Development of two more vertical benchmarks is currently ongoing. These circuits are an ARM-like processor core and an FIR filter engine ASIC from MITRE Corporation. All designs will have a parallel structure to the CMU-DSP, including multiple levels of representations, system level performance metrics, and a testing methodology. All benchmarks will be available on the WWW. We are also developing a public domain standard cell library so that all physical design information can be made public.
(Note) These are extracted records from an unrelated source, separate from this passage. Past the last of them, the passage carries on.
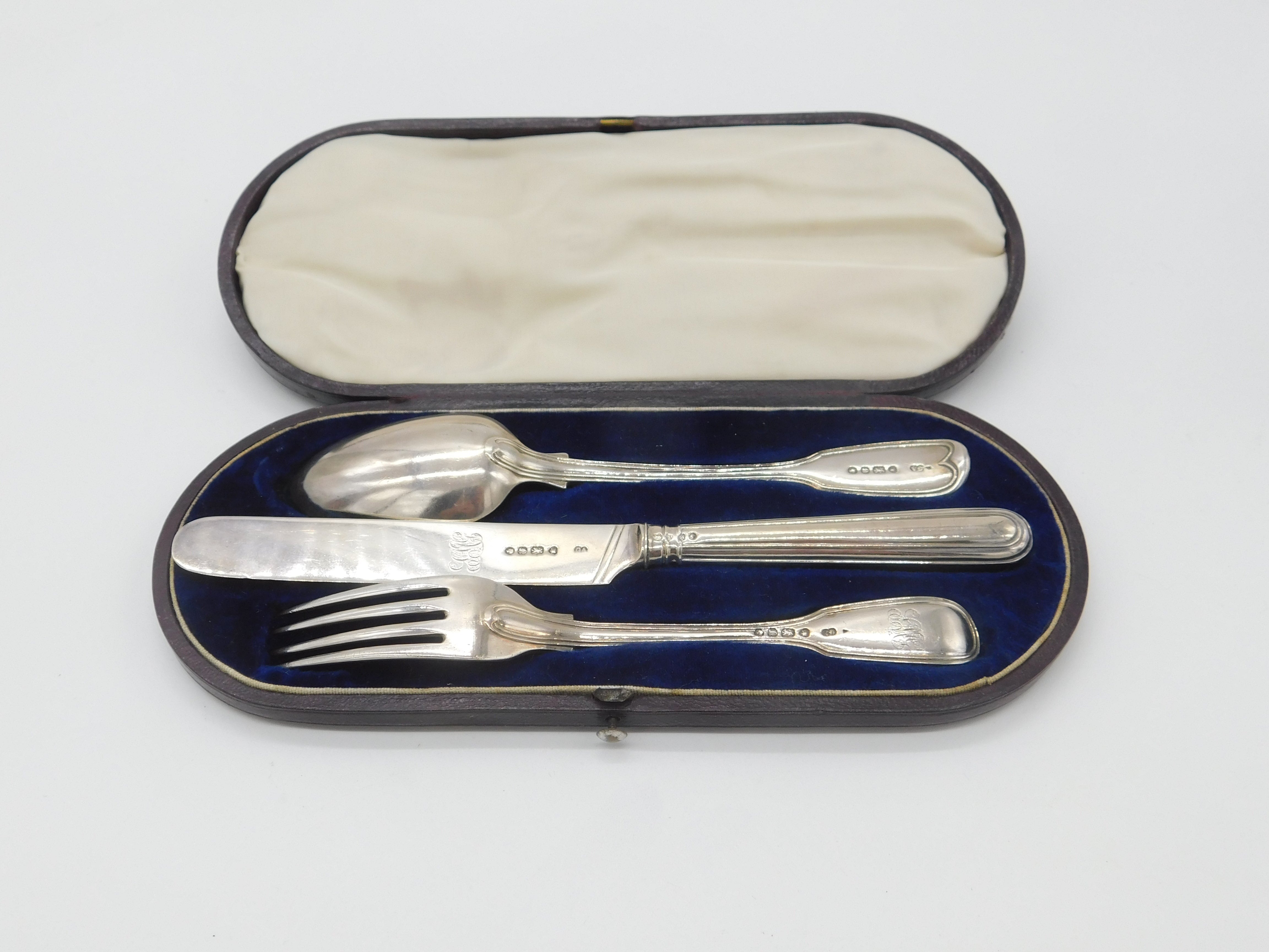 Victorian Boxed Sterling Silver Christening Cutlery Set Antique 1848 London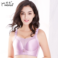 婷芮新品健康无钢圈文胸一片式无痕大码聚拢调整型性感光面四排扣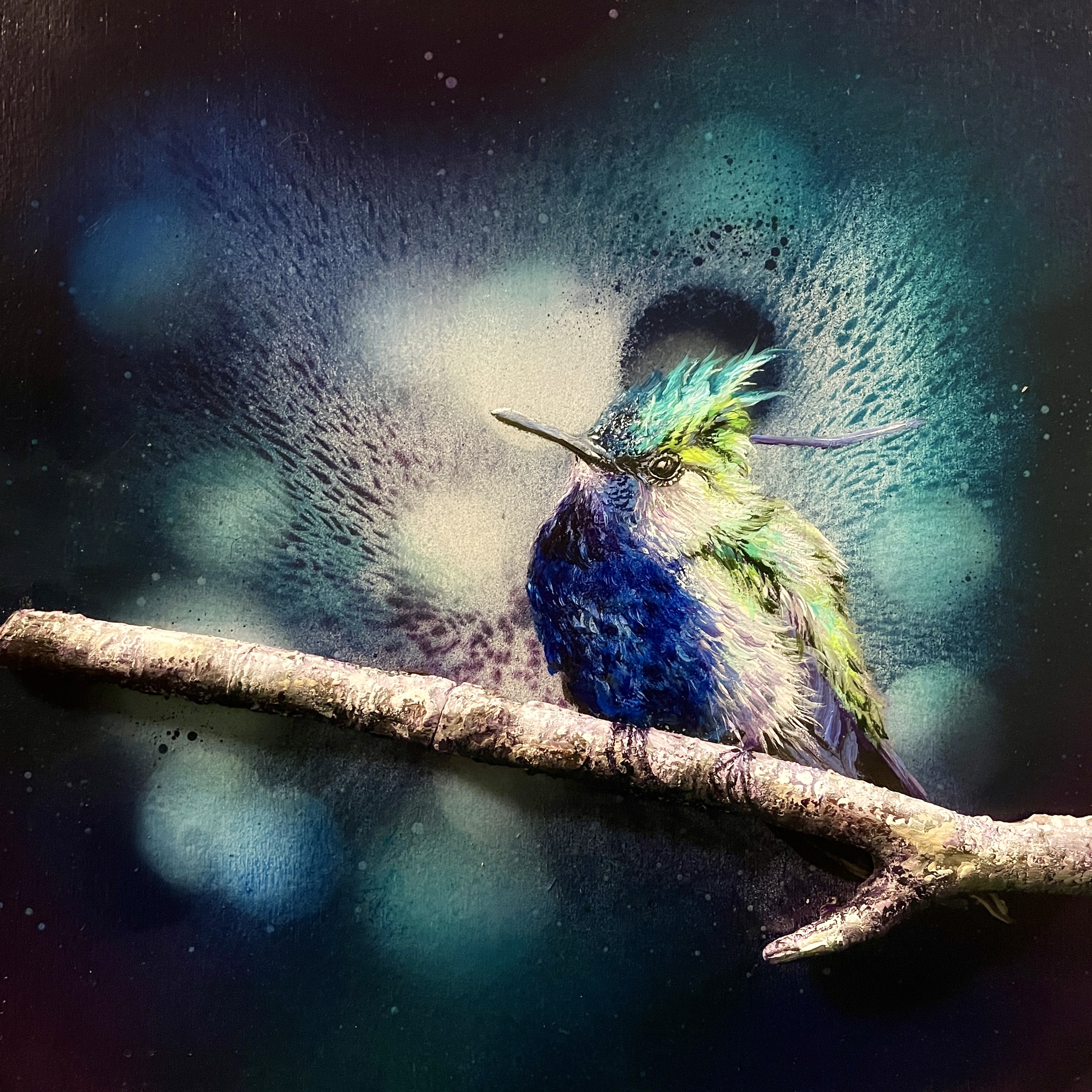 In dit werk probeerde ik de stilte en levendigheid van de natuur vast te leggen. De harmonieuze mix van acryl en spray creëert een abstracte achtergrond, waar de kolibrie in semi-abstract realisme tevoorschijn komt. Het belichaamt veerkracht te midden van de chaos. Met elke penseelstreek stelde ik me voor dat ik een dynamische uitbarsting van leven, een moment van contemplatieve schoonheid in uw ruimte zou brengen, en een gevoel van verwondering en rust zou oproepen.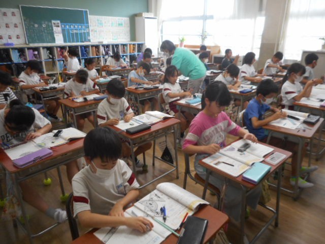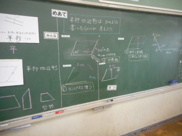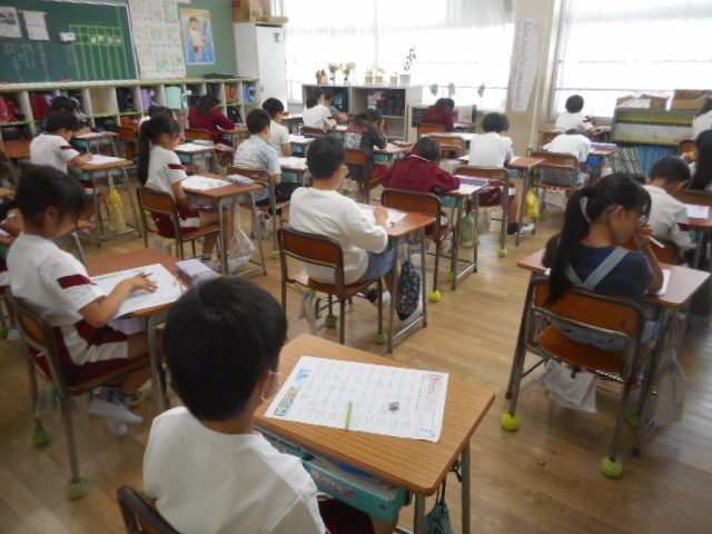 算数は平行四辺形の書き方を考えたり、国語はテストに取り組んだりしました

Our long-term plan is to maintain a bibliography of usage of our design referenced in other papers. Our intention is to let people in the EDA community have a central resource for the use of our designs and the ability to easily find and reference future works based on it or referenced to it. This bibliography will also be available from the CMU web site.

**Table 2: Design Information** 

|                   | 0                |                 |
|-------------------|------------------|-----------------|
| Component         | Lines of Verilog | Number of Gates |
| AGU               | 8672             | 5011            |
| ALU               | 4434             | 6395            |
| PCU               | 2226             | 2711            |
| <b>Bus Switch</b> | 868              | 433             |
| Total             | 16200            | 14550           |
|                   |                  |                 |

# 8. Acknowledgments

This work was supported by DARPA under order number A564 and National Science Foundation Grant Number MIP90408457. The authors would like to thank Nitzan Weinberg for his work on the CMU-DSP.

# 9. References

- F. Brglez, D. Bryan, K. Kozminski. "Combinational Profiles of Sequential Benchmark Circuits", ISCAS '89, pp. 1929-1934, 1989.
- [2] J. Darnauer and W. Dai, "A Method for Generating Random CIrcuits and Its Application to Routability Measurement", in 4th ACM/SIGDA Int'l Symp. on FPGAs, pp. 66-72, Feb. 1996.
- [3] N. Dutt. "Current Status of HLSW Benchmarks and Guidelines for Benchmark Submission", *HLSynth '92 Benchmark*, Sept. 1992.
- [4] M. D. Hutton, J. P. Grossman, J. S. Rose, and D. G. Corneil, "Characterization and Parameterized Random Generation of Digital Circuits," in 33rd ACM/SIGDA Design Automation Conference (DAC), pp. 94-99, June, 1996.
- [5] Motorola Corporation, DSP56000 Digital Signal Processor Family Manual. 1995.
- [6] Programmable Electronics Performance Corporation, URL: <u>http://www.prep.org/synth.htm</u>.
- [7] System Performance Evaluation Corporation (SPEC), SPEC CPU95 Version 1.1, URL: <u>http://www.spec.org</u>, August 21, 1995.
- [8] S. Yang. "Logic Synthesis and Optimization Benchmarks User Guide, Version 3.0", Microelectronics Center of North Carolina, Research Triangle Park, NC, Jan. 1991.